The most uneasy aspect of "Teenage Mutant Ninja Turtles" is how incredibly violent it is for a PG-13 movie that, as evidenced by my karate-chopping fans after the film, is going to be seen by a much younger audience. There are edged weapons galore: at one point three of the Turtles have their blood pumped out of them by bad guy William Fichtner like very large Peking Ducks; an underling is killed with poison gas, and we see holes eaten in his skin as he lies there twitching. The sexism in it -- with a joke from one of the Turtles about how April is "so hot she makes my shell get tight" and a deliberate shot of Fox's posterior as she leans out a car window -- is fairly disquieting as well. There's also product placement galore, just in case you think your kids aren't getting enough advertising aimed at them.
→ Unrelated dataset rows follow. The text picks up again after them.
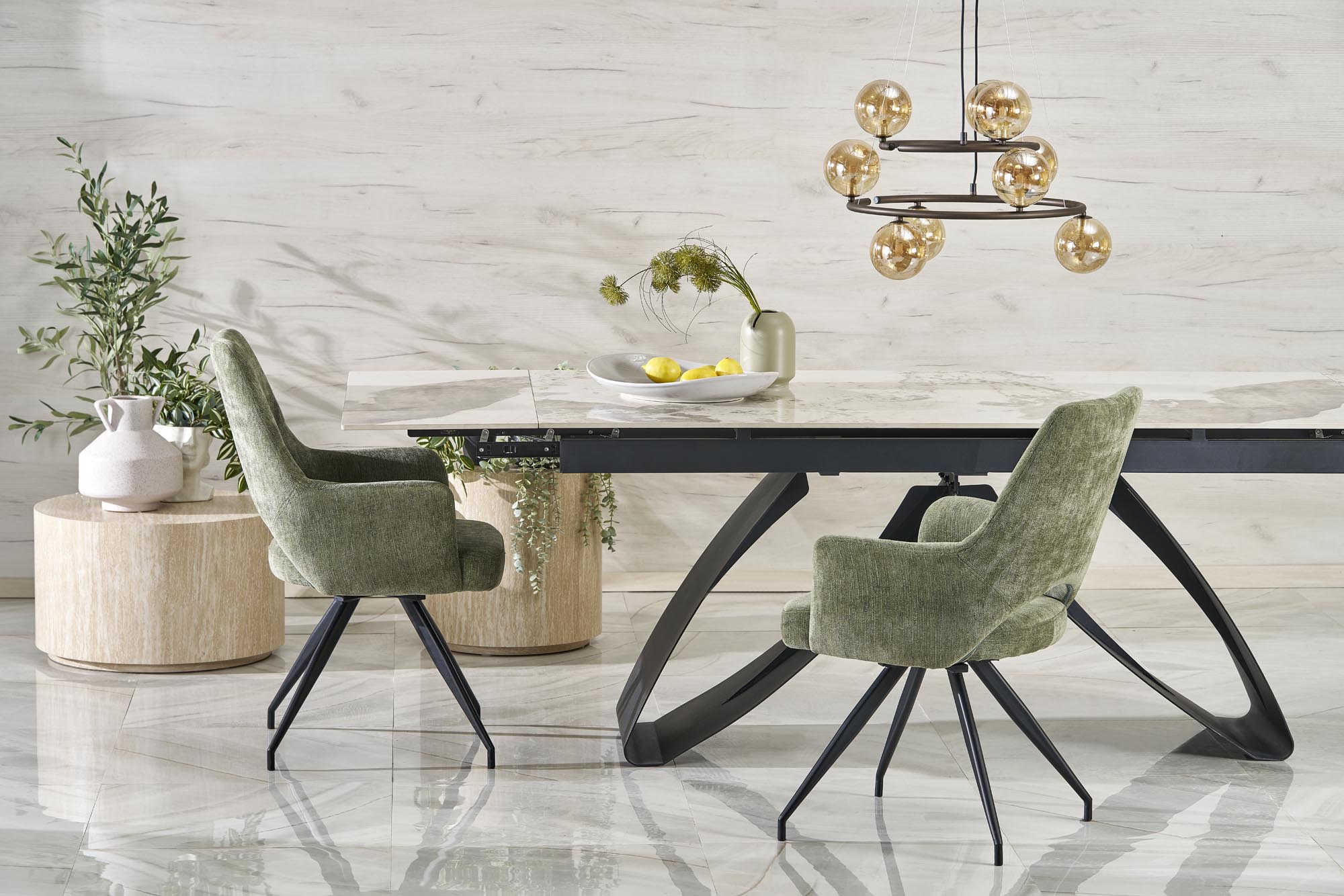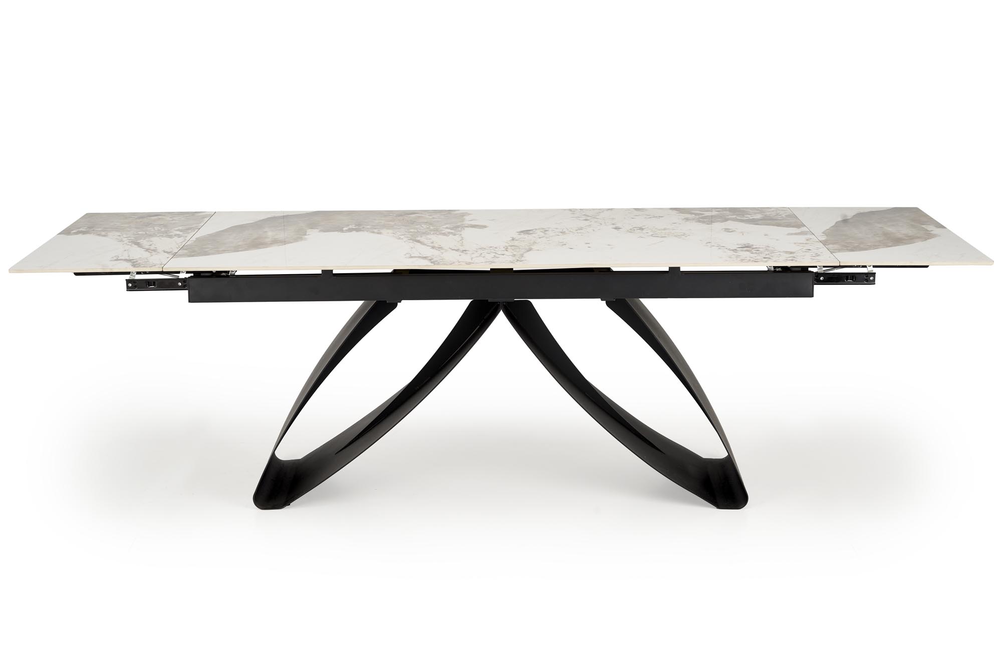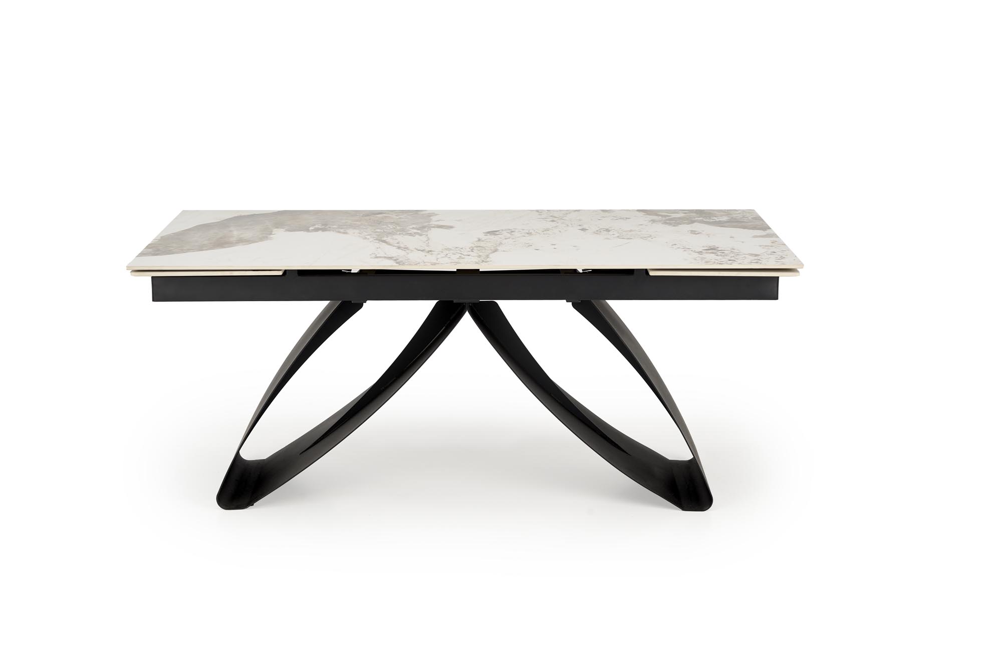 Jídelní stůl HILARIO - je robustní rozkládací stůl vyroben ze slinutého kamene v barvě béžového mramoru s moderní podnoží z černě lakované práškové oceli.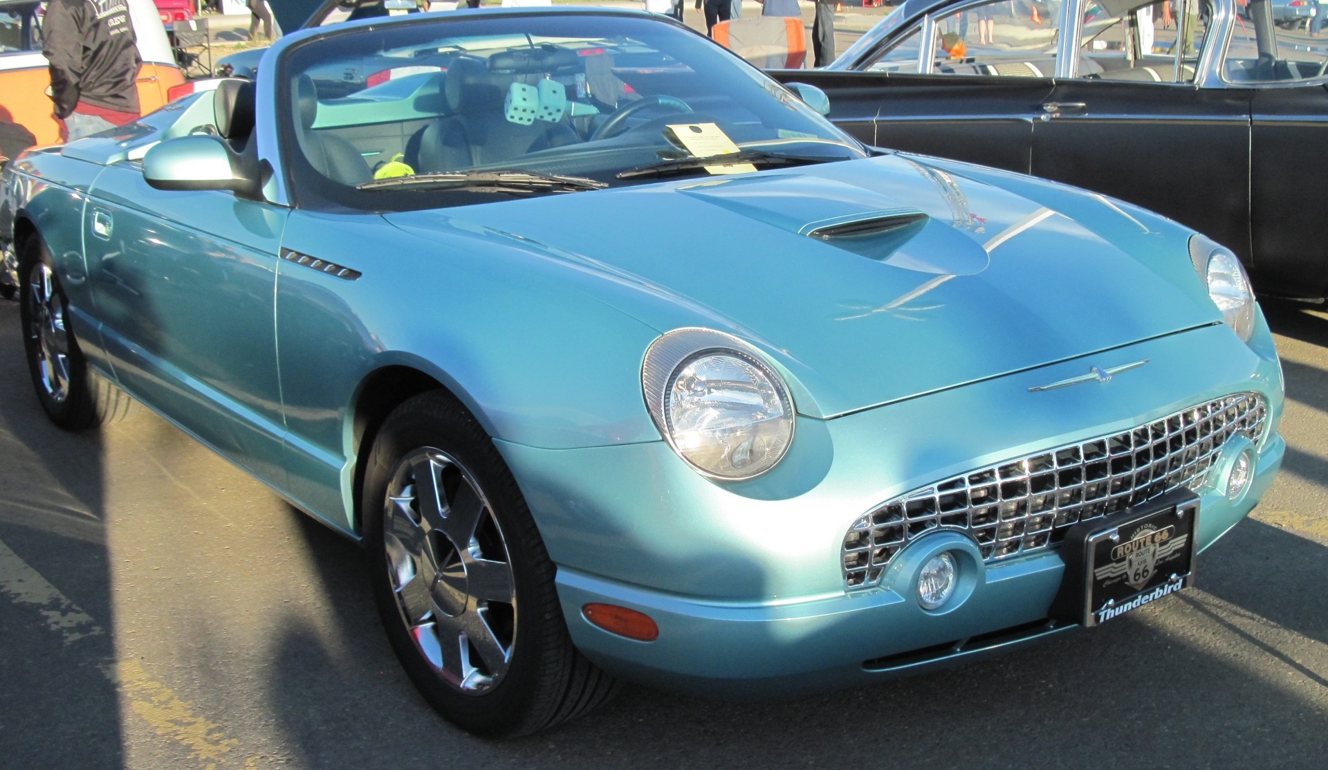 Blaues Ford Cabrio mit runden Scheinwerfern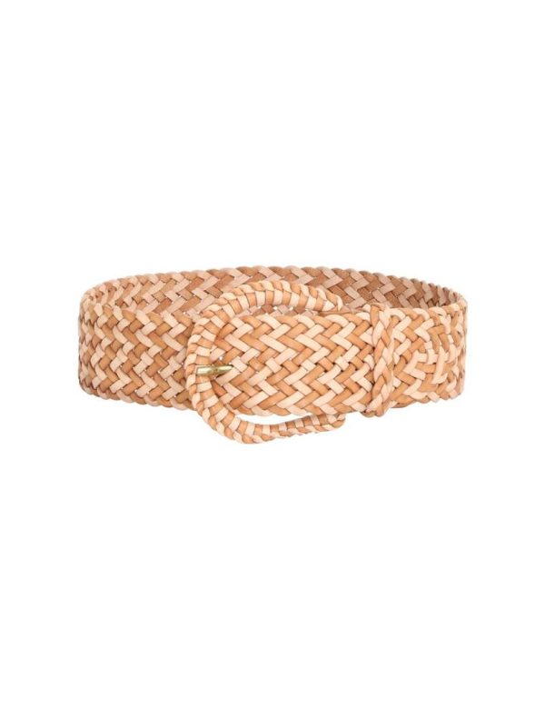 The Braided Leather Waist Belt in Tan/Desert from our Summer Swim 2023 Collection. A braided belt featuring strands cof contrast leather and a rounded buckle.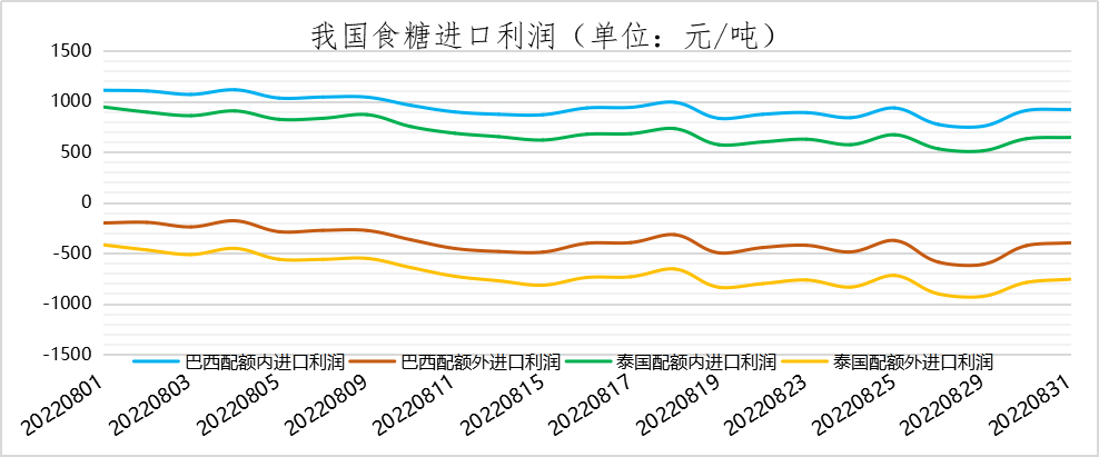 8月进口估算利润呈小幅波动,巴西配额内食糖进口估算利润区间为753~1114元/吨,配额外食糖进口估算利润区间为-613~-181元/吨;泰国配额内食糖进口估算利润区间为510~994元/吨,配额外食糖进口估算利润区间为-929~-419元/吨。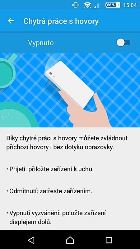 Z dalších možností u Sony nezapomněli ani na pohybové funkce, například přiložením telefonu k uchu zvednete hovor, zatřesením telefonu hovor naopak odmítnete, či položením zařízení displejem dolů vypnete vyzvánění. Šikovná je také funkce, která zajistí nezhasnutí displeje, dokud telefon držíte v ruce (aniž byste se dotkli obrazovky). A přínosná je i notifikace pomocí barevné LED diody umístěné v pravém horním rohu nad displejem.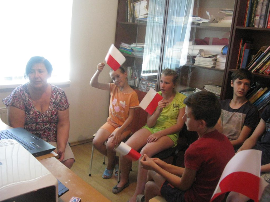 Dzieci obejrzały filmy edukacyjne ,przypomniały sobie najważniejsze symbole Polski,śpiewały pieśni patriotyczne,bawiły się grą edukacyjną układając i kolorując godło Polski oraz wstawiały słowa w miejce rysunków zapisując tekst mazurka Dąbrowskiego.Z wielkim zainteresowaniem obejrzały film „Jan Matejko.Konstytucja 3 maja 1791r. Animacja.”Była to wspaniała lekcja historii.Zakochany w polskiej historii Jan Matejko przedstawił autorską interpretację tego wielkiego wydarzenia.Analiza postaci z dzieła malarza oddaje ich charakter.Jest też bardzo dokładna.Poznaliśmy króla Stanisława Augusta Poniatowskiego,Kołłątaja,Stanisława Małachowskiego,a nawet targowiczan .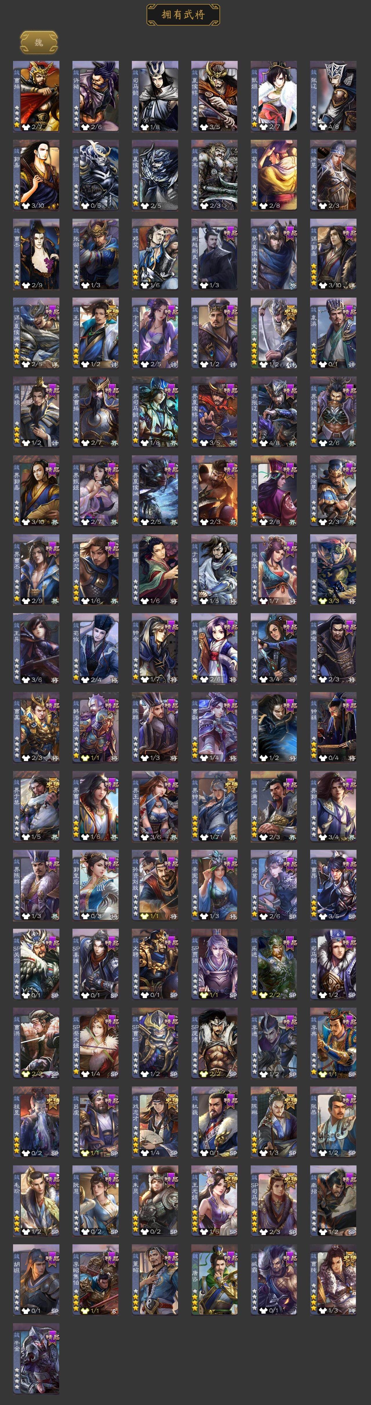 [15171802]【846】官阶:大将军;vip等级:vip6;史诗武将数量:37;动态皮肤数量:19;武将总数:357;史诗宝珠数量:0;将魂数量:1807;神将:7;魏国史诗武将:14;蜀国史诗武将:7;吴国史诗武将:2;群史诗武将:14 神吕布神赵云神陆逊神刘备神张辽神吕蒙神周瑜sp司马昭王粲文鸯王元姬界钟会界于禁陈琳曹纯戏志才关索谋诸葛亮谋赵云谋马超诸葛瞻王平谯周吴景孙寒华谋郭嘉谋公孙瓒左慈星黄忠星甘宁苏飞麹义南华老仙沮授界李儒谋张角友徐庶星董卓sp甄姬sp司马昭-鼠年冬至(动态)郭嘉-以身证道(动态)sp蔡文姬-兔年冬日动态界曹植-鼠年端午动态曹纯-虎年春节动态王元姬-鼠年冬至动态羊徽瑜-牛年中秋动态诸葛亮-龙年限定动态关羽-明良千古动态马超-牛年春节动态诸葛亮-明良千古动态界马超-牛年春节动态界诸葛亮-明良千古动态关索-鼠年中秋动态周处-义除三害动态孙寒华-莲华熠熠动态周瑜-鼠年春节动态界周瑜-鼠年春节动态鲁肃-蛇年端午动态文鸯-势若万钧动态南华老仙-冠绝天下动态麹义-扬刀立威动态苏飞-肝胆相照动态张琪瑛-虎年冬至动态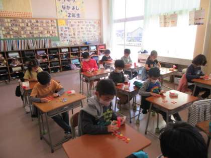 おはじきを使ってかけ算を表しました。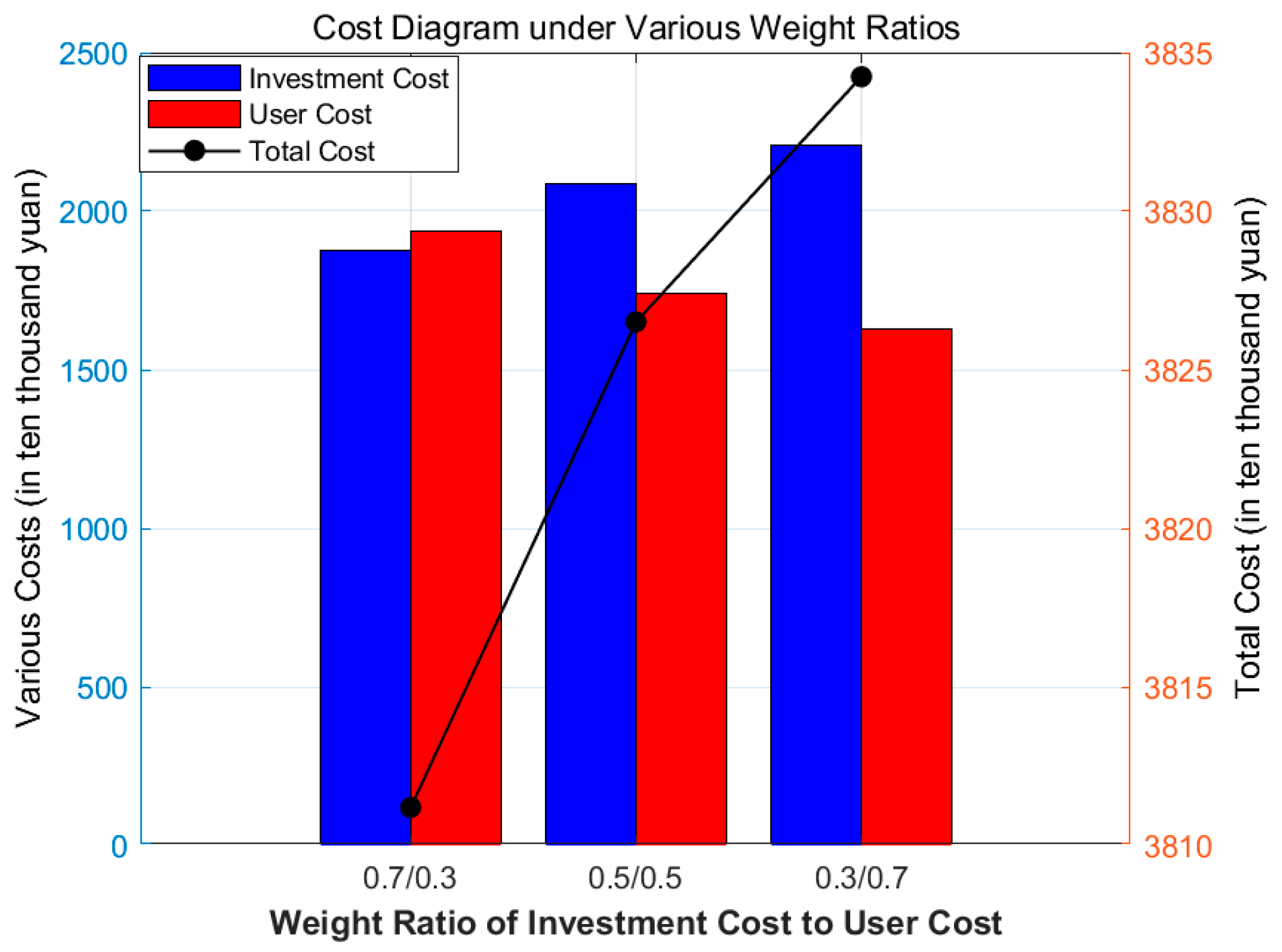 - Scenario 2: Investment costs 50%, user costs 50% (The original equal-weight setting)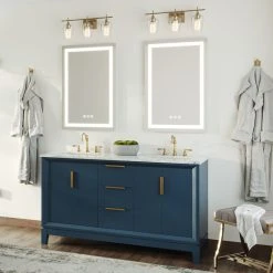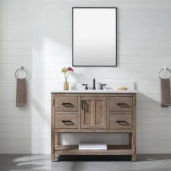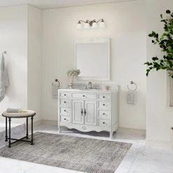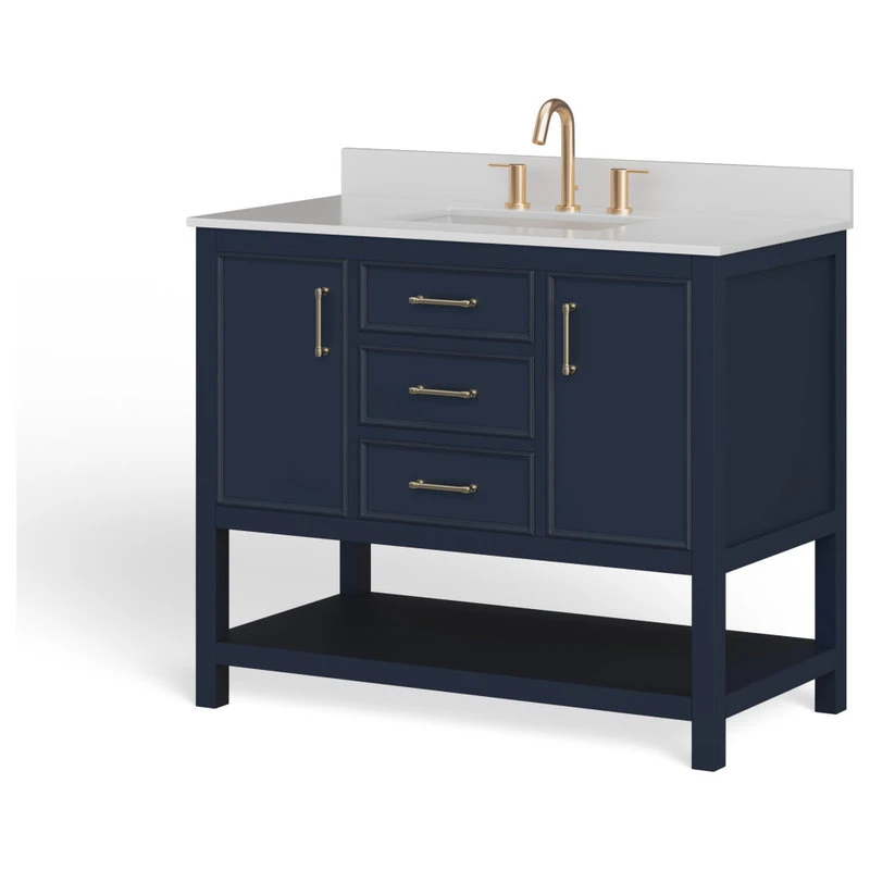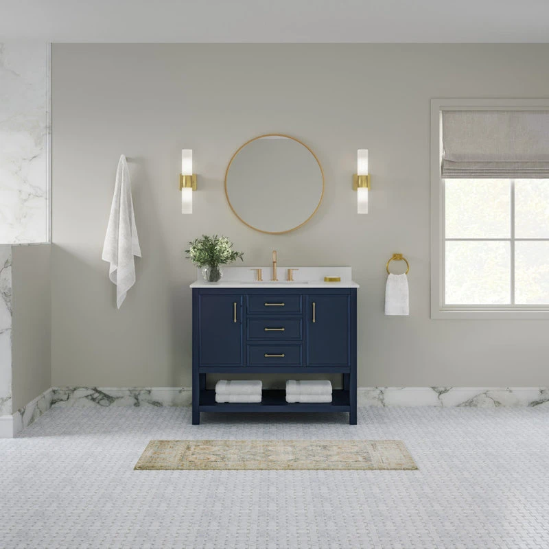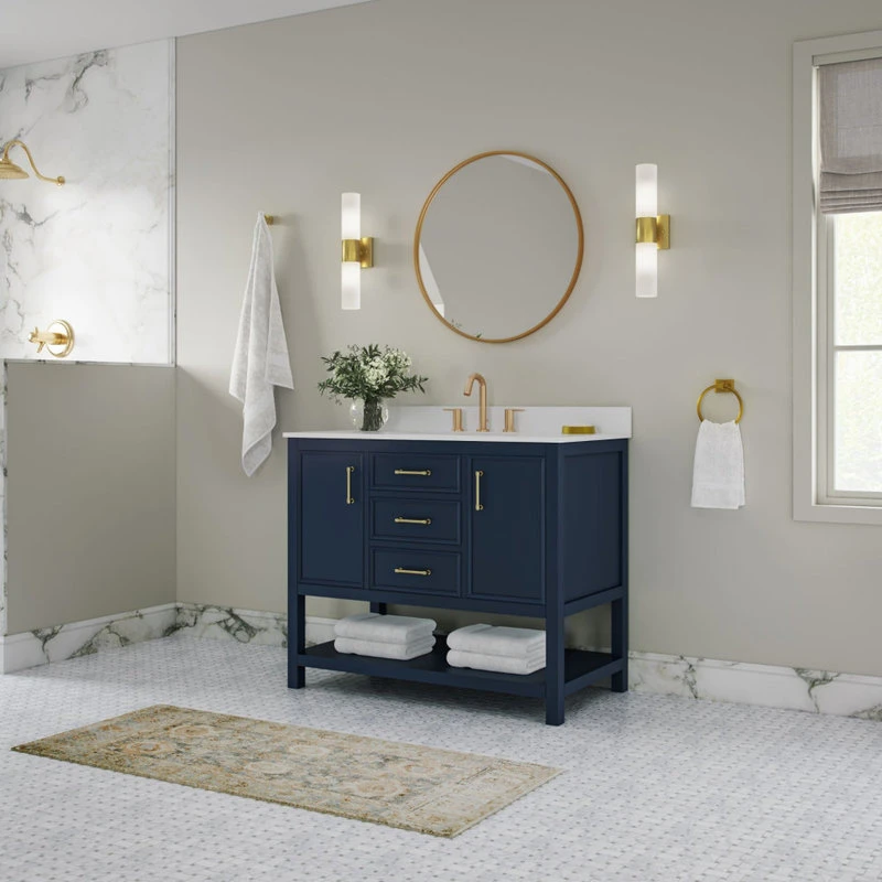 First impressions are everything, so choosing the right style for the biggest piece in the bathroom is key. Eco-conscious, style savvy, and truly unforgettable, this transitional vanity, crafted with solid wood and plywood, belongs at the top of any remodel wishlist. Modern contemporary cabinets lathered in lead-free, water-based paint and topped with a quartz countertop greet you as you enter the space. Gold brushed nickel handles add luxurious contrast—just give them a pull and experience full-extension metal sliders that enable easy access to your toiletries.

"Teenage Mutant Ninja Turtles" is designed to fill a pipeline, a matter of volume more than quality. It's bland, familiar, lazy and drunk on a deadly mix of nostalgia and unthinking adrenaline. It's a property made to mock 1980's pop culture that, in 2014, doesn't really connect to anything other than itself. It's made by people who don't care about your kids as humans, just as current and future consumers. It wastes the comedic abilities of Will Arnett as a horny, hangdog cameraman crushing on Fox's April O'Neil. "Teenage Mutant Ninja Turtles" isn't a movie; it's a brand re-launch that's going to satisfy stockholders far more than it's going to entertain the people who paid to watch it.